In the gas chromatogram of the raw material (distillate of WPPO) and the raffinate, each olefin component peak was positioned immediately before each paraffin component. It was expected that it would be difficult to separate the paraffin–olefin components by equilibrium extraction by comparing the gas chromatogram of the raw material (distillate of WPPO) in Figure 1b and the raffinate of Figure 1c.

Although this study only mentions the separation of paraffin components among raw materials by equilibrium extraction, we plan to conduct a detailed review of the separation of olefin components among raw materials by equilibrium extraction in the future.

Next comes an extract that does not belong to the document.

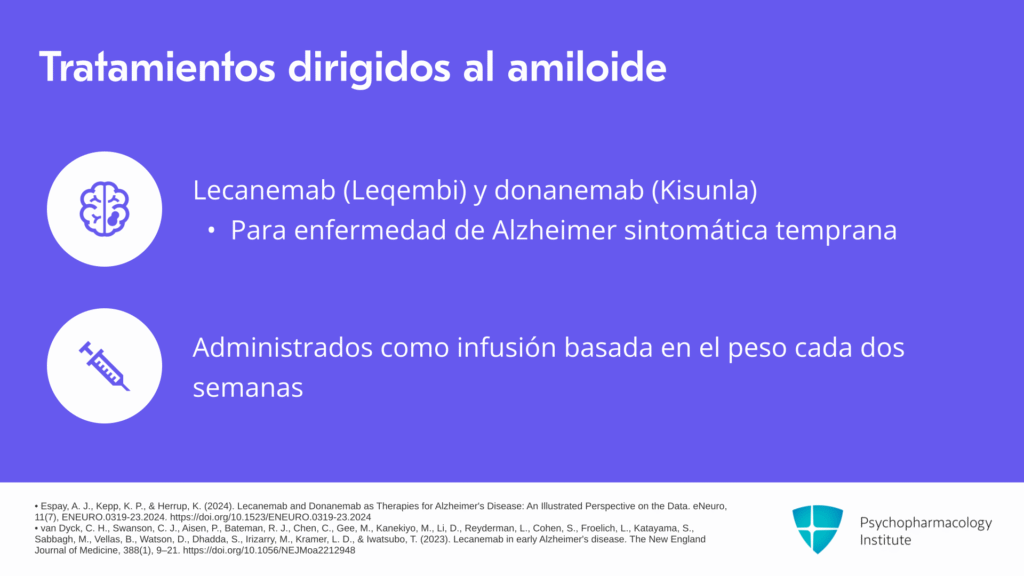 Los agentes más nuevos que están disponibles son tratamientos dirigidos al amiloide para personas que viven con enfermedad de Alzheimer sintomática temprana con patología amiloide confirmada. Los dos medicamentos disponibles son lecanemab y donanemab, que son Leqembi o Kisunla, y estos medicamentos se unen al amiloide y eliminan su acumulación. Se administran como una infusión cada dos semanas, y la dosis se basa en el peso.

In the extraction operation, the difference in density between two phases (raffinate phase, extract phase) is an important factor that determines the extraction processing speed. Figure 2d shows the density (ρ) of the two phases recovered after the extraction operation using DMF and DMSO. The effect of y_w,0 on the density of the raffinate and extraction phases was not recognized regardless of the solvent. The difference in the density of the two phases due to DMSO extraction was greater than that of DMF extraction. From this result, it was found that DMSO is more advantageous than DMF in terms of extraction processing speed.

When referring to the change in the color of the raffinate according to y_w,0 and the solvent, as shown in Figure 3, the color of the raffinate became lighter as the y_w,0 decreased regardless of solvent, and changed to very light yellow at y_w,0 = 0 (raw material: dark brown). At the same y_w,0, the color of the raffinate recovered using DMF was lighter than that of DMSO. In particular, the raffinate recovered at y_w,0 = 0 using DMF showed a pale yellow color, almost similar to the color of commercial light oil. Considering that the paraffin component is almost colorless, it can be confirmed that the concentration of paraffin components in the raffinate increases with decreasing y_w,0 in the case of DMF rather than DMSO.

Furthermore, because the waxing phenomenon of commercial light oil can occur at a very low temperature, the raw material of this study and the raffinate recovered by DMF and DMSO extraction at y_w,0 = 0 were left at −25 °C for 24 h. The occurrence of a waxing phenomenon was confirmed throughout this process. The waxing phenomenon was observed in the raw material and the raffinate recovered from DMSO, but not in the raffinate recovered from DMF.

Figure 4a shows that the extraction amount of paraffinic component i, which is extracted in the extraction phase, increased as (S/F)₀ increased regardless of the solvent used, while Y_i,P decreased. In the case of (S/F)₀ = 1 for DMF, Y_i,P of paraffin components C₁₂ and C₁₆ were about 84.9% and 100%, respectively, whereas those of DMSO were about 88.8% and 100%, respectively. Regardless of solvent, considering that the Y_i,P of the C₁₆ paraffin component is 100% at (S/F)₀ = 1, it was found that the paraffin components with a carbon number higher than 16 contained in the raw material remained at 100% in the raffinate recovered from (S/F)₀ = 1.

The Y_R values at (S/F)₀ = 1 for DMF and DMSO were about 81% and 88.6%, respectively (Figure 4b). Y_R decreased sharply as (S/F)₀ increased due to an increase in the extraction amount of all the components other than the paraffin components and the paraffin components contained in the raw material. At (S/F)₀ = 10, the Y_R values of DMF and DMSO were about 23.8% and 76.2%, respectively.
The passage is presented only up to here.